Guy Ellis

I guess everyone has heard that the auto industry, at least the American auto industry, is in some bad shape right now. Don’t look to this column for answers or explanations. Half of the things I read about the Detroit debacle claim the fault lies with the auto unions while the other half claims inept leadership brought things to how they stand today. It’s times like this when I simply heed good old Dad’s advice: Don’t believe anything you hear and only believe half of what you see.

Besides, I have pressing problems of my own, at least as I write this. Chief among them is how in the world I am going to get all of the “Santa” gifts put together for my kids on Christmas Eve.

Back to the car situation for a moment, I knew things were looking bad for Detroit when my in-laws bought a new Toyota last year. My wife’s parents were much like my grandparents when it came to cars. In other words, if it doesn’t say Lincoln on the grill, forget about it. Still, until my granddad trades in one of his Ford or Chevy pick-up trucks for a Tundra I guess there’s still hope for Detroit.

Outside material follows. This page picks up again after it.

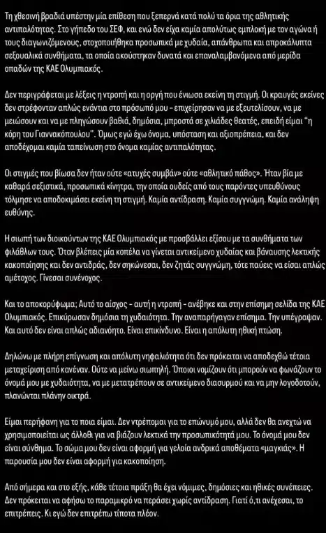 «Τη χθεσινή βραδιά υπέστην μία επίθεση που ξεπερνά κατά πολύ τα όρια της αθλητικής αντιπαλότητας. Στο γήπεδο του ΣΕΦ, και ενώ δεν είχα καμία απολύτως εμπλοκή με τον αγώνα ή τους διαγωνιζόμενους, στοχοποιήθηκα προσωπικά με χυδαία, απάνθρωπα και απροκάλυπτα σεξιστικά συνθήματα, τα οποία ακούστηκαν δυνατά και επαναλαμβανόμενα από μερίδα οπαδών της ΚΑΕ Ολυμπιακός.

I remember the Detroit cars from my high school days. I knew a guy who had something called a Ford Escort GT. It was supposed to be comparable to my VW GTI, but it wasn’t even close. Of course, neither car could cut the mustard compared to my friend’s Honda Civic Si.

Yet, we have two ‘Merican cars in the garage at the house today. Never mind that my Pontiac was built in California as a re-badged Toyota Corolla and that my wife’s Chevy was built in Canada.

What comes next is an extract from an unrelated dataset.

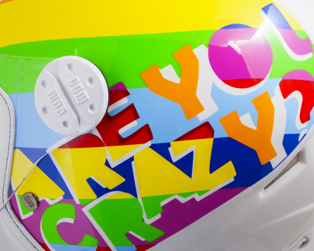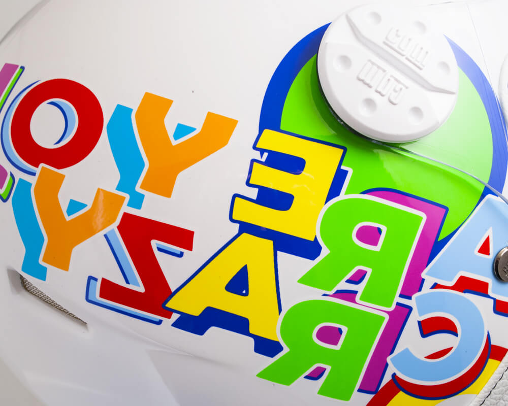Ogni nostro casco è accuratamente trattato per ottenere la finitura desiderata. La calotta, dopo essere stata levigata è verniciata con vari strati di colore, ricoperta con l'apposita decal ad acqua dal disegno desiderato, e poi rivestita con la vernice trasparente antigraffio.

It’s not just the American auto industry that is feeling the crunch these days. Honda has pulled the plug on its $300 million dollar a year Formula 1 racing team. Yes, $300 million a year. In an interesting twist, however, the company plans to continue its presence in the Indy 500 as they happen to turn a profit on that deal. Score one for the American series over the globe-trotting international wine and cheese set that is F1.

So it’s a fight for survival in Detroit.

And fighting for survival, or adapting to change, was the main theme in a couple of movies I watched this week. As some of you may know I’m a Western Channel junkie. The movies they show, aw, I’ve seen ‘em all a million times but I watch them over and over again. The play list resembles that of a “classic rock-n-roll” radio station, you know, the kinds that play the same 300 songs over and over. (Play “Freebird!” Again! No, seriously, please don’t!)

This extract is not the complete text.